How to Start Racing - buy your copy - accelerate up the grid

Posted: October 19, 2022 Read time: 5 mins

How repetition helps you to master a driving process

If you’re a fan of any kind of motorsport (which I imagine you probably are if you’re reading this), you’ll no doubt have noticed the amazing, almost robotic consistency by which a driver can deliver a lap time during a race. Lap after lap they are seen to post times that are tenths, hundredths, sometimes even thousandths of a second apart. Often the car is racing at about 95% of its ability in a bid to conserve fuel or tyre wear but the laps are nonetheless, far quicker than any ordinary driver could ever possibly deliver. What’s more, it all seems fairly effortless - so how do they do it? The key lies in practice and the art of repetition.

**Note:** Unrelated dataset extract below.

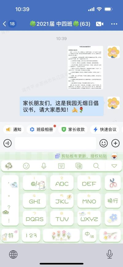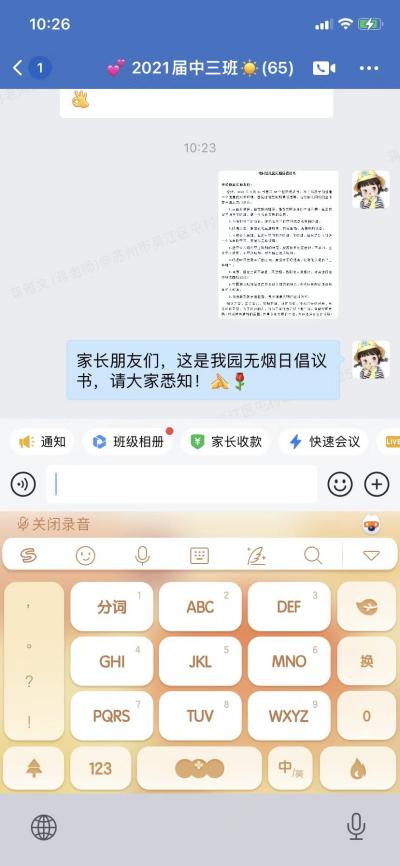通过家园微信群进一步向幼儿家长宣传吸烟有害健康和孩子被动吸二手烟的危害,提高他们珍爱生命和保护健康的意识,为创建无烟环境出一份力。

We all know the saying practice makes perfect, but I prefer a much more accurate version – practice makes permanent. Why? Well to understand that you have to understand how a memory is created. When your brain starts to learn something new, it actually creates new neural pathways to accommodate the information.

It does this by enacting strong chemical interactions at the synapse of your neuron (where neurons connect to other neurons). Repetition strengthens the bonds between these neurons, enabling the passage of information between them to happen much more effectively, and like a well-trodden path through a forest, once you’re on it, you’re unlikely to stray off it without good reason. In fact, once you’re on it, it’s unlikely you’ll even think about the path at all. You’ll just follow it to its destination whilst focusing on other things like having a conversation with your other half or making sure your children don’t get into any trouble.

Much like the forest path, your brain’s neurological paths become well-trodden through repetition. That means, the more you do something, the less brain power you’ll need to achieve the same result. In the case of a racing driver, the result is that lightning-fast lap times can be produced with relative ease, leaving more of the brain’s energy to focus on reacting and benefitting from the unfolding events of the race itself. Learning through repetition then is a very useful strategy to choose if you want to be an effective racing driver, or even if you want to consistently deliver strong lap times on a track day whilst minimising the risk to yourself and your vehicle.

Fun Cup Mini Racing

The problem is though, the brain isn’t limited to learning “good things” through repetition. It will take any action you do more than a handful of times as a learned process. The more you do it, the more ingrained into your brain that process becomes and the harder it will be to “move away from the well-trodden forest path” and try an alternative.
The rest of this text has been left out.